Some final guidelines:
Keep things simple! The enemy here is complexity. The more complex your solution, the more difficult the solution to implement and the more likely it is to fail. Use the least number operations, use the least complex operations. Sometimes just one application to handle the queries for all the other parts of your architecture is the simplest. Sometimes an application to handle "live" queries and a separate application to handle "batch requests" is better.
Keep things simple! It's a big deal!

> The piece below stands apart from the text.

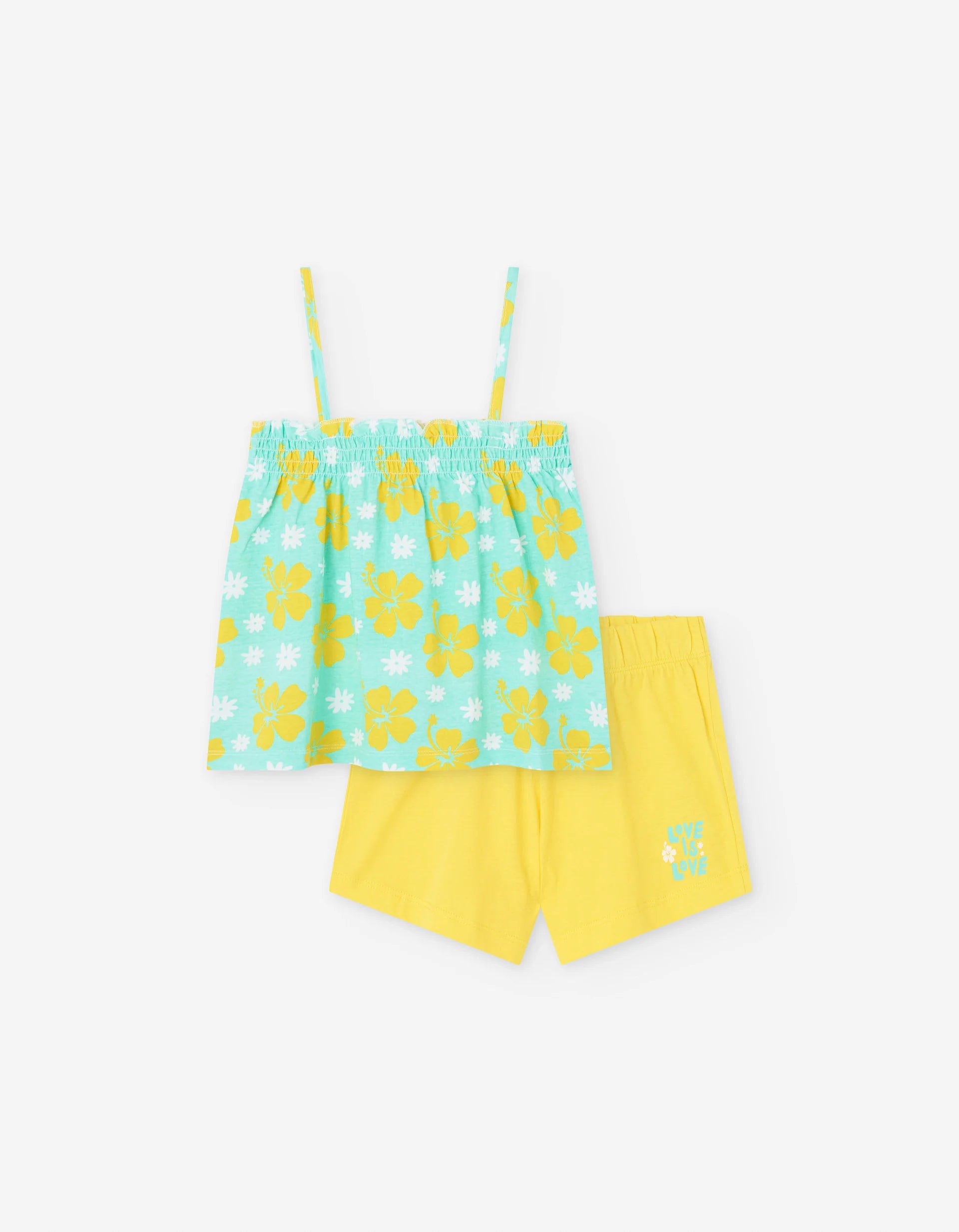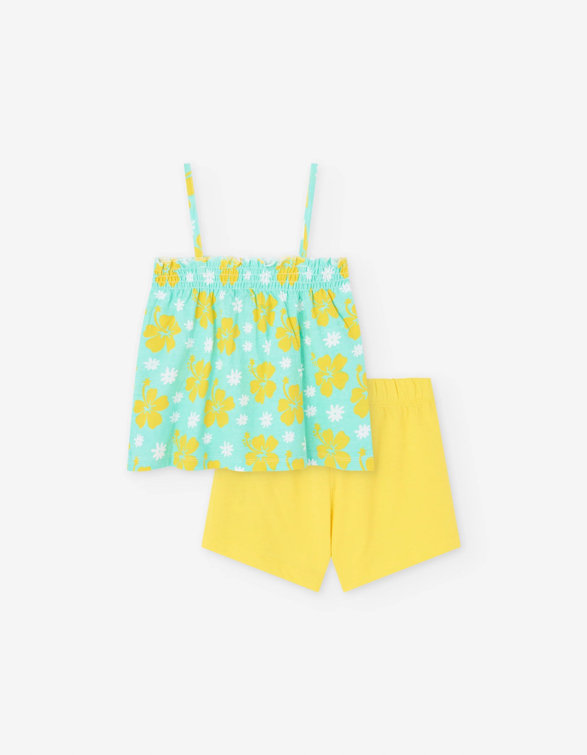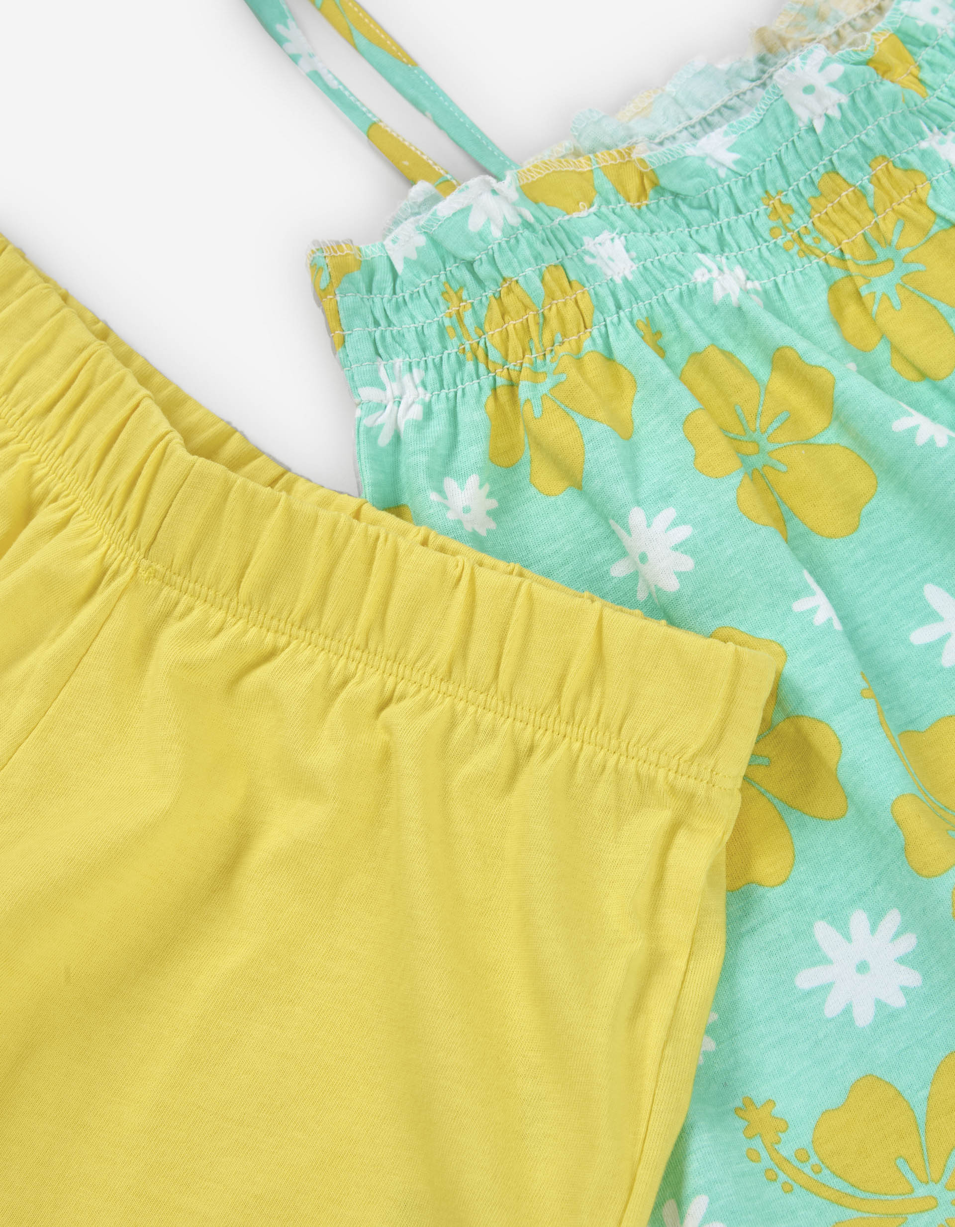 Completo due pezzi per bambine. Include un top verde a fiori con spalline sottili e pantaloncini gialli a tinta unita con dettagli stampati.

Don't write anything that can already be done for you. (This is why intermediary files can be so great, the OS handles all the difficult parts.) Also, you mention that a relational database is too much overhead, but consider that a relational database also comes with a very expressive and well-known query language, the network communication protocol that goes with it, and you don't have to develop anything to use it! Whatever solution you come up with has to be better than using the off-the-shelf solution that's going to work, for certain, very well, or it's not the best solution.
Refer to your physical layer documentation frequently so you understand the resource use of your considerations. A slow network link or putting too much on one server can both rule out otherwise good solutions.
Save those docs. Whatever you decide, the documentation you generated in the process is valuable. Wiki-them or file them away so you can whip them out again when the topic come s up.
And the answer to the direct question, "How to get Python and Java to play nice together?" is simply "use a language agnostic communication method." The truth of the matter is that Python and Java are both not important to your describe problem-set. What's important is the data that's flowing through it. Anything that can easily and effectively share data is going to be just fine.
Do not make this more complex than it needs to be.
Your Java process can -- simply -- spawn a separate subprocess to run your PyTables queries. Let the Operating System do what OS's do best.
Your Java application can simply fork a process which has the necessary parameters as command-line options. Then your Java can move on to the next thing while Python runs in the background.
This has HUGE advantages in terms of concurrent performance. Your Python "backend" runs concurrently with your Java simulation "front end".
You could try Jython, a Python interpreter for the JVM which can import Java classes.
Jython project homepage
Unfortunately, that's all I know on the subject.
Not sure if this is good etiquette. I couldn't fit all my comments into a normal comment, and the post has no activity for 8 months.
Just wanted to see how this was going for you? We have a very very very similar situation where I work - only the simulation is written in C and the storage format is binary files. Every time a boss wants a different summary we have to make/modify handwritten code to do summaries. Our binary files are about 10 GB in size and there is one of these for every year of the simulation, so as you can imagine, things get hairy when we want to run it with different seeds and such.
I've just discovered pyTables and had a similar idea to yours. I was hoping to change our storage format to hdf5 and then run our summary reports/queries using pytables. Part of this involves joining tables from each year. Have you had much luck doing these types of "joins" using pytables?